Those good old days. Why do they sound more interesting than the time we live in?
By Leslie Silbert Atria Books, Simon & Schuster ($24) |
For suspense novelists, the past is also easier to manipulate than this world where circumstances -- and allies -- change daily.
Leslie Silbert is a new entry in the crowded suspense genre, but her publisher bills her as an expert, telling us: "She works as a private investigator under the guidance of a former CIA officer."
Silbert's a double threat as well, having "studied Renaissance literature at Oxford."
Thanks to those Machivellian Medicis, spying became one of the Renaissance arts, practiced with gusto by the English during the games of religious musical chairs they played in the 16th century.
Silbert then should bring both academic and street knowledge to her new pursuit as a writer, but, alas, her maiden voyage is launched on choppy seas. She alternates scenes from the final days of playwright Christopher Marlowe with a contemporary tale featuring private eye-CIA operative (no surprise) Kate Morgan.
Marlowe is believed to have been a double-dipper, moonlighting as an "intelligencer" or spy for agents of Queen Elizabeth between writing his popular potboilers for the London crowd.

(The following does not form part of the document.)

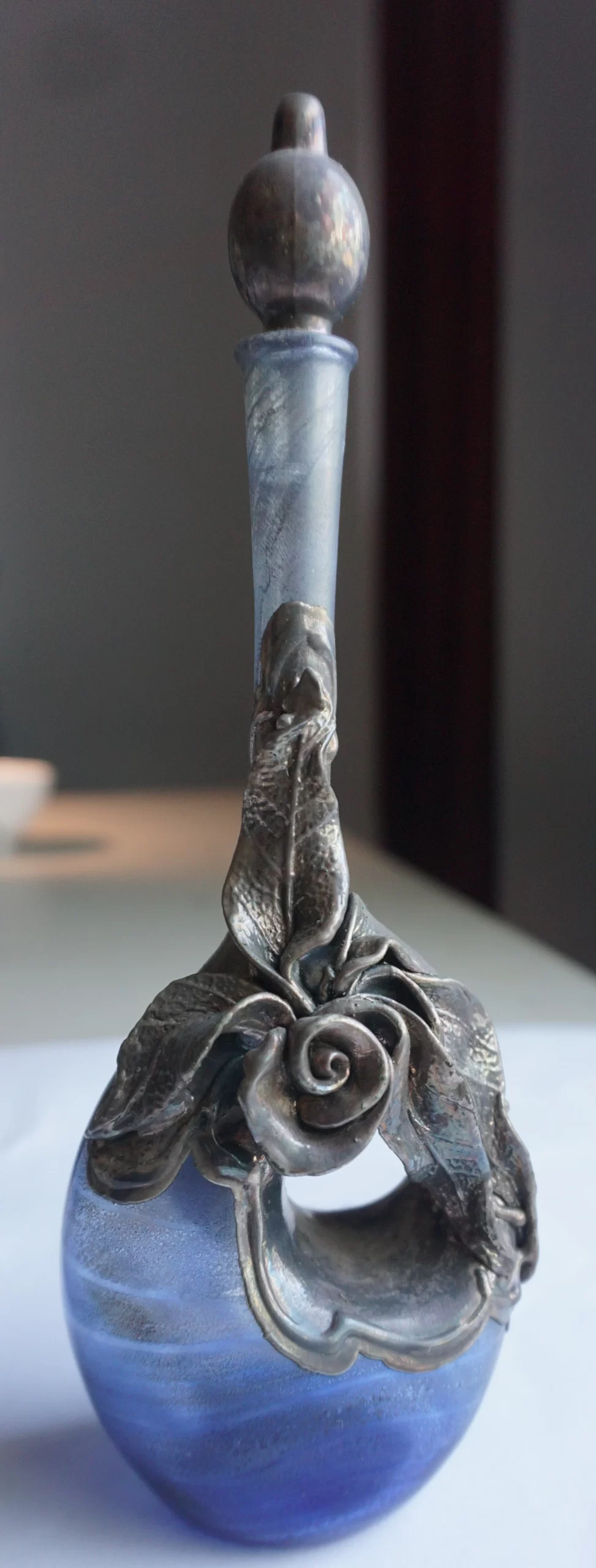 Blown Glass Perfume Bottle with Sterling Overlay (Domar OOAK, Israel)

He was killed in 1593, a victim, in the official version, of a tavern squabble.
Silbert shows off her scholarship quite nicely when she's following Kit Marlowe around London's fetid streets, but her modern-day story is slow-moving and predictable.
The connection is the discovery of a manuscript of spy files from Marlowe's day that should provide plenty of material for a novel, but Silbert adds another plot thick with Middle Eastern overtones.
Mistake. When she works with history and real characters, her writing is full of the atmosphere and paranoia of the Elizabethan era. When she switches to her contemporary tale of shadowy financiers, art dealers, a captured American spy and a sexually conflicted Iranian, we can't wait for the next Marlowe chapter.
He's a more interesting and accomplished spy than Kate Morgan, who is saddled with four strong male figures, including her father, "the Senator," in her life, confusing both her and us.
The book concludes with a clumsy parallelism structure, causing me, as I gazed on Silbert's glam photo on the cover, to paraphrase Marlowe:
"Is this the face that will launch a thousand sequels?"